公式（1）是GAT论文中的描述，节点 $i$ 和 $j$ 分别表示目的节点和源节点。可以看出，作者得到了 $\mathbf{W} \vec{h}_{i}$ 和 $\mathbf{W} \vec{h}_{j}$ 之后，先对其进行拼接（concatenation），再乘以 $\overrightarrow{\mathbf{a}}^{T}$ （linear projection）。而在DGL的实现中， 将$\mathbf{a}$ 分为 $a_l$ 和 $a_r$， 先进行线性映射，再相加，二者在数学运算上是等价的：

$a^T [Wh_i || Wh_j] = a_l Wh_i + a_r Wh_j \tag{2}$

注意等式左边为两个向量之间的矩阵乘法，右边为向量之间的点乘，因此在实现中，要对右式向量对应元素相乘之后的结果做sum(dim=-1)才能使得两边结果相等（Python中*为对应元素乘，@为矩阵乘），具体到代码实现：

# feat_src和feat_dst的shape为(n, self._num_heads, self._out_feats)
# attn_l和atten_r的shape为 (1, num_heads, out_feats)，即feat_中的n个节点都点乘相同的attn_
# sum(dim=-1)后，el和re的shape为(n, num_heads)
# 为了后续计算，采用.unsqueeze(-1)，将其维度扩展为(n, num_heads, 1)
el = (feat_src * self.attn_l).sum(dim=-1).unsqueeze(-1)
er = (feat_dst * self.attn_r).sum(dim=-1).unsqueeze(-1)

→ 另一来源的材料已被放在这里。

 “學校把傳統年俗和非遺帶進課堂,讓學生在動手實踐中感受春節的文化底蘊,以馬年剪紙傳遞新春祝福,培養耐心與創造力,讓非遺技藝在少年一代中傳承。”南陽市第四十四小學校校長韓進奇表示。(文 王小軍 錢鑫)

# 将feat保存在图上，因为graph和feature是分开传递的，而对于后续的计算，无论何种图，只用到了feat_src
# 将el和er保存在图上
graph.srcdata.update({'ft': feat_src, 'el': el})
graph.dstdata.update({'er': er})

# compute edge attention, el and er are a_l Wh_i and a_r Wh_j respectively.
graph.apply_edges(fn.u_add_v('el', 'er', 'e'))

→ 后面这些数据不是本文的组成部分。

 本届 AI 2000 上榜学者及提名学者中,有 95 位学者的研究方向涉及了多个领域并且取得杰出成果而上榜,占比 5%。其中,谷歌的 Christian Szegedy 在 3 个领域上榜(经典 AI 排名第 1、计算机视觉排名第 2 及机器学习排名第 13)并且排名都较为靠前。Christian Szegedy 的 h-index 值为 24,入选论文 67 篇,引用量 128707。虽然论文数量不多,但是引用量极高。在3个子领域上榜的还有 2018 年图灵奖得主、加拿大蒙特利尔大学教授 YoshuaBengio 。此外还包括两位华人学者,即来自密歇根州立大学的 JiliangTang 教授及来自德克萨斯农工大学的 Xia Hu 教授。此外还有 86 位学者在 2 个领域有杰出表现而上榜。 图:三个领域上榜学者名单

e = self.leaky_relu(graph.edata.pop('e'))

DGL的实现方法更加高效，首先其避免了将 $[Wh_i || Wh_j]$ 存储在边上（我们之前说过，DGL在边上保存信息是十分消耗内存的）；其次，采用DGL的内置函数 U_add_v 可以加快计算速度。

$\alpha_{i j}=\operatorname{softmax}_{j}\left(e_{i j}\right)=\frac{\exp \left(e_{i j}\right)}{\sum_{k \in \mathcal{N}_{i}} \exp \left(e_{i k}\right)} \tag{3}$

$\vec{h}_{i}^{\prime}=\sigma\left(\sum_{j \in \mathcal{N}_{i}} \alpha_{i j} \mathbf{W} \vec{h}_{j}\right) \tag{4}$

# compute softmax as shown in eq.3
graph.edata['a'] = self.attn_drop(edge_softmax(graph, e))

# message passing as shown in eq.4
graph.update_all(fn.u_mul_e('ft', 'a', 'm'),
                 fn.sum('m', 'ft'))
rst = graph.dstdata['ft']

# residual
if self.res_fc is not None:
    resval = self.res_fc(h_dst).view(h_dst.shape[0], -1, self._out_feats)
    rst = rst + resval

# activation
if self.activation:
    rst = self.activation(rst)

if get_attention:
    return rst, graph.edata['a']
else:
    return rst